Everest: Towards a Verified, Drop-In Replacement of HTTPS
Karthikeyan Bhargavan (Prosecco, INRIA, Paris, France)
Barry Bond (RiSE, Microsoft Research, Redmond, WA, USA)
Antoine Delignat-Lavaud (Programming Principles and Tools, Microsoft Research, Cambridge, United
Kingdom)
Cédric
Fournet (Programming Principles and Tools)
Chris
Hawblitzel (Systems Research Group, Microsoft Research, Redmond,
WA, USA)
Catalin
Hritcu (Prosecco)
Samin
Ishtiaq (Programming Principles and Tools)
Markulf
Kohlweiss (Programming Principles and Tools)
Rustan
Leino (RiSE)
Jay Lorch(Systems Research Group)
Kenji Maillard (Prosecco; RiSE)
Jianyang Pang (RiSE)
Bryan Parno
(RiSE; Computer Science Department, Carnegie Mellon University,
Pittsburgh, PA, USA; Electrical and Computer Engineering Department,
Carnegie Mellon University)
Jonathan Protzenko (RiSE)
Tahina Ramananandro (RiSE)
Ashay Rane (RiSE)
Aseem
Rastogi (Microsoft Research, Bengaluru, Karnataka, India)
Nikhil
Swamy (RiSE)
Laure Thompson (RiSE)
Peng Wang (RiSE;
CSAIL, MIT, Cambridge, MA, USA)
Santiago
Zanella-Béguelin (Programming Principles and Tools)

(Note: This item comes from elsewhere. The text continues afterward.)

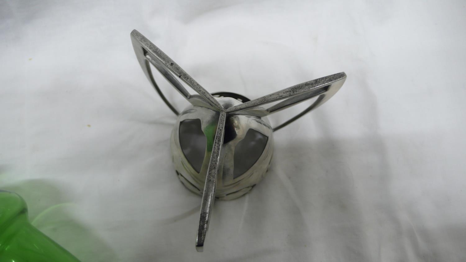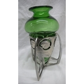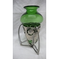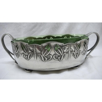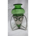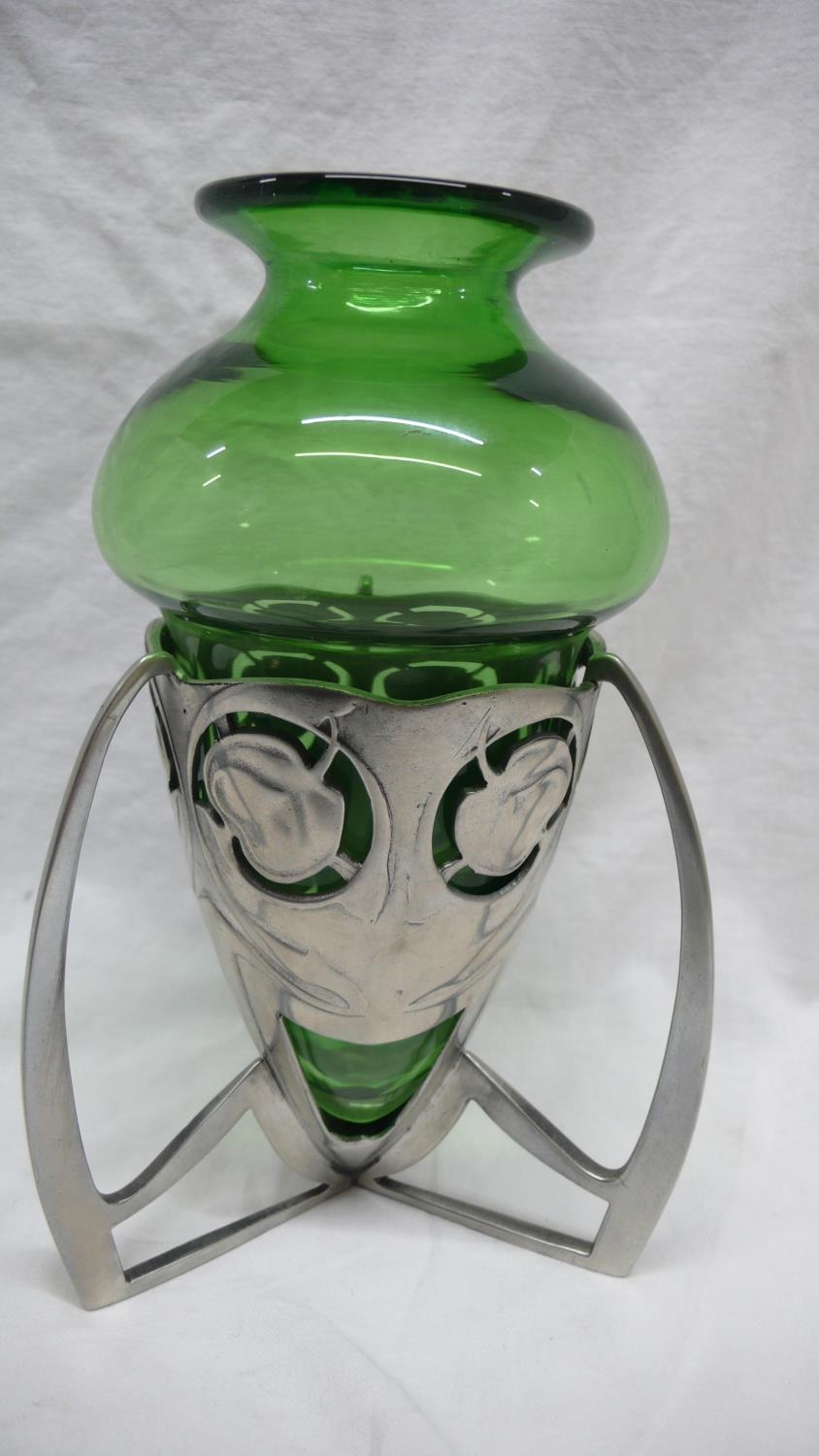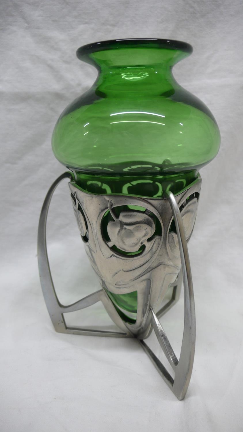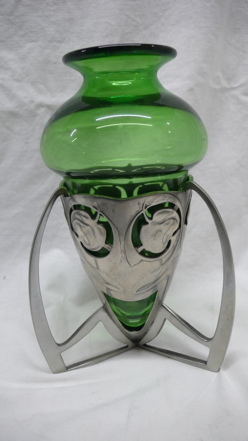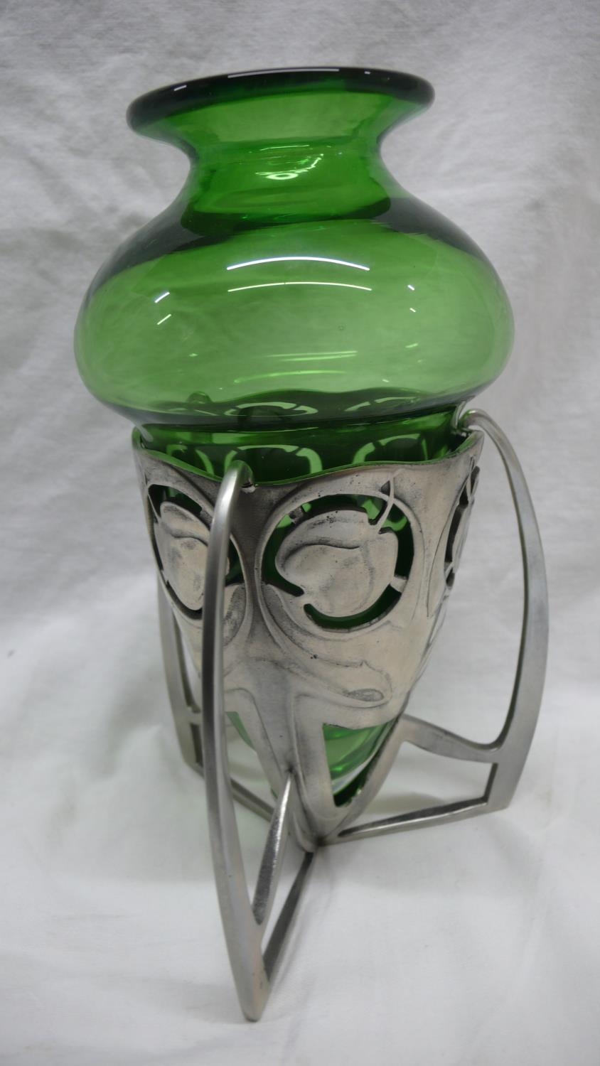 Archibald Knox for Liberty & Co Pewter vase with open bomb shaped fin feet, foliate decoration, green glass insert by James Powell and Sons, Whitefriars, circa. 1902-1905, Ht. 19 cms (unmarked) (featured page 103 Archibald Knox by Stephen A Martin)
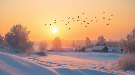 Birds fly as the sun sets over a tranquil, snow-covered winter landscape

Jean-Karim Zinzindohoué (Prosecco)
The HTTPS ecosystem is the foundation on which Internet security is
built. At the heart of this ecosystem is the Transport Layer Security
(TLS) protocol, which in turn uses the X.509 public-key infrastructure
and numerous cryptographic constructions and algorithms. Unfortunately,
this ecosystem is extremely brittle, with headline-grabbing attacks and
emergency patches many times a year. We describe our ongoing efforts in
Everest (The Everest VERified End-to-end Secure Transport) a project that
aims to build and deploy a verified version of TLS and other components
of HTTPS, replacing the current infrastructure with proven, secure
software.
Aiming both at full verification and usability, we conduct high-level
code-based, game-playing proofs of security on cryptographic
implementations that yield efficient, deployable code, at the level of C
and assembly. Concretely, we use F*, a dependently typed language for
programming, meta-programming, and proving at a high level, while relying
on low-level DSLs embedded within F* for programming low-level components
when necessary for performance and, sometimes, side-channel
resistance. To compose the pieces, we compile all our code to source-like
C and assembly, suitable for deployment and integration with existing
code bases, as well as audit by independent security experts.
Our main results so far include (1) the design of Low*, a subset of F*
designed for C-like imperative programming but with high-level
verification support, and KreMLin, a compiler that extracts Low* programs
to C; (2) an implementation of the TLS-1.3 record layer in Low*, together
with a proof of its concrete cryptographic security; (3) Vale, a new DSL
for verified assembly language, and several optimized cryptographic
primitives proven functionally correct and side-channel resistant. In an
early deployment, all our verified software is integrated and deployed
within libcurl, a widely used library of networking protocols.